- Opening Delimiter -
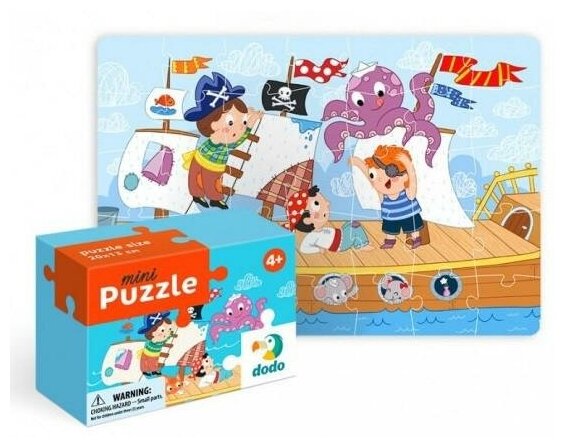 Пазл-мини "Морские приключения" представляет собой изображение веселой команды пиратов. Чтобы получить яркую картинку, ребенку необходимо соединить 35 элементов.
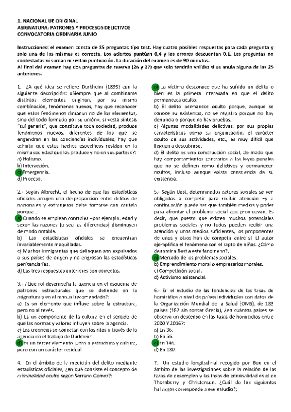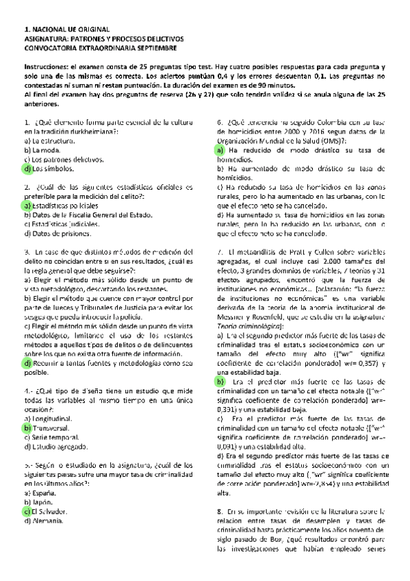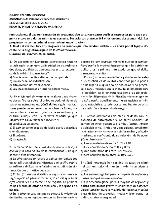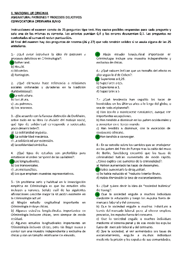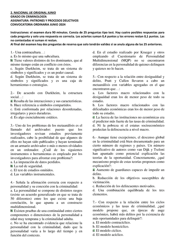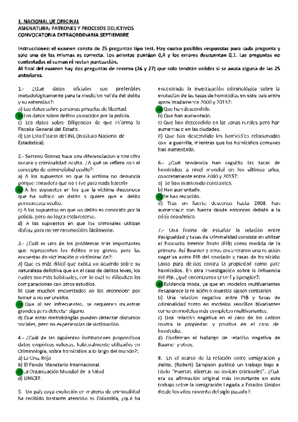 Patrones y Procesos Delictivos, exámenes 2025 con respuestas, Grado en criminología UNED, Tercer curso.
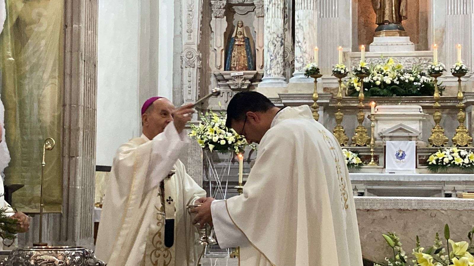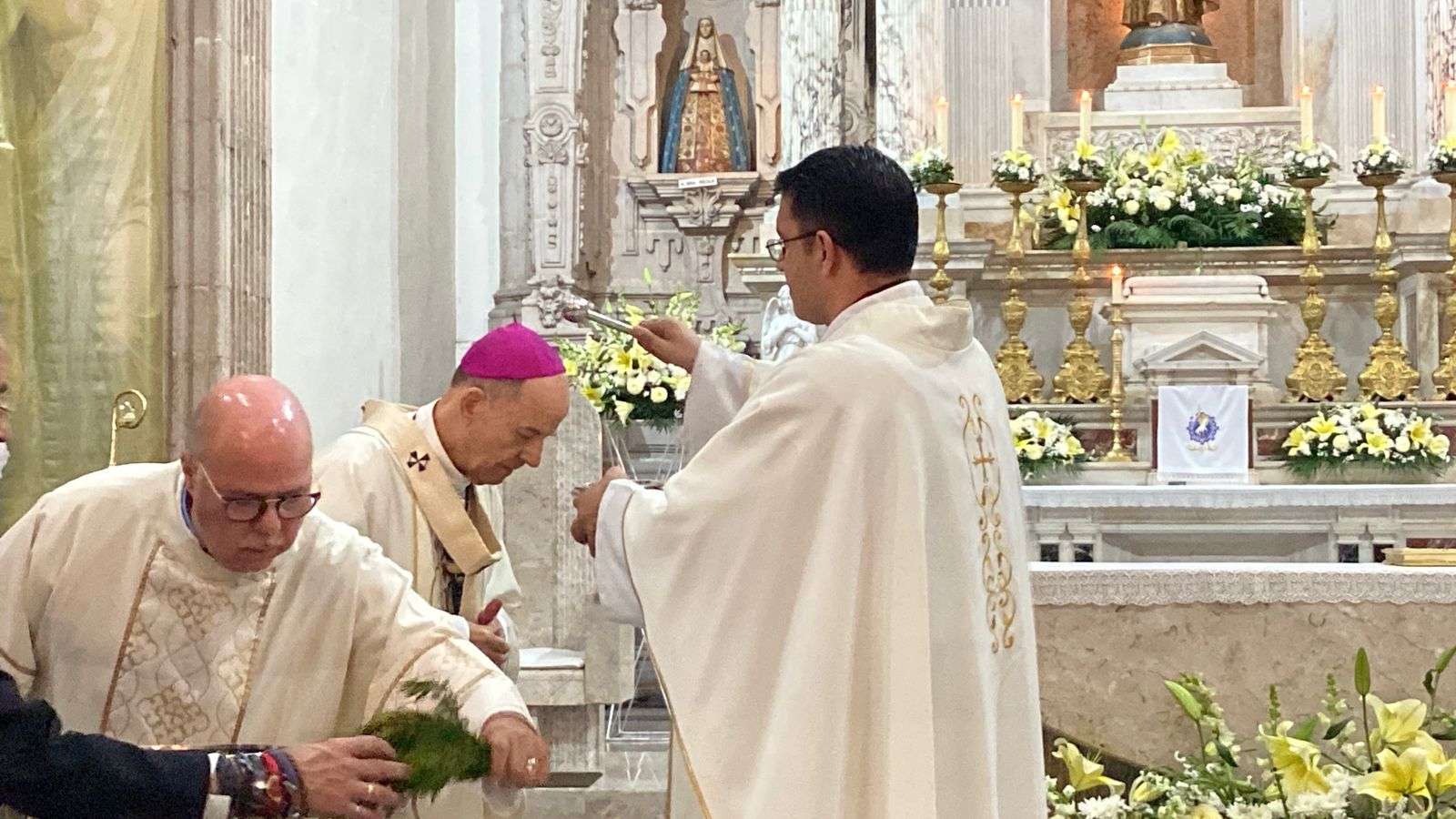Posteriormente el Arzobispo, realizó la bendición del agua que es el símbolo del bautismo que Jesús implementó cuando Juan el bautista lo bautizo con el espíritu Santo.
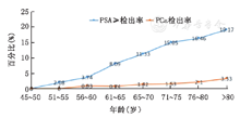 进一步分析危险因素与PSA水平异常以及前列腺癌发生的关系,3组人群之间年龄、降脂药物和前列腺炎病史等因素的分布差异有统计学意义(表2)。将这些危险因素进行多因素分析后发现,PSA水平异常与高龄和有前列腺炎病史等因素有关(表3),前列腺癌的发生与高龄、服用降脂药物有关(表4)。随着年龄的增高,PSA水平异常和前列腺癌发生率都逐渐升高(表5,图1)。
- Closing Delimiter -
▶ [What is expected]: Please reproduce, exactly and only, the lines from the line containing "Patrones y Procesos" through the last line of the material above, minus any pictures.

▶ [Solution for this problem]:
 Patrones y Procesos Delictivos, exámenes 2025 con respuestas, Grado en criminología UNED, Tercer curso.
Posteriormente el Arzobispo, realizó la bendición del agua que es el símbolo del bautismo que Jesús implementó cuando Juan el bautista lo bautizo con el espíritu Santo.
 进一步分析危险因素与PSA水平异常以及前列腺癌发生的关系,3组人群之间年龄、降脂药物和前列腺炎病史等因素的分布差异有统计学意义(表2)。将这些危险因素进行多因素分析后发现,PSA水平异常与高龄和有前列腺炎病史等因素有关(表3),前列腺癌的发生与高龄、服用降脂药物有关(表4)。随着年龄的增高,PSA水平异常和前列腺癌发生率都逐渐升高(表5,图1)。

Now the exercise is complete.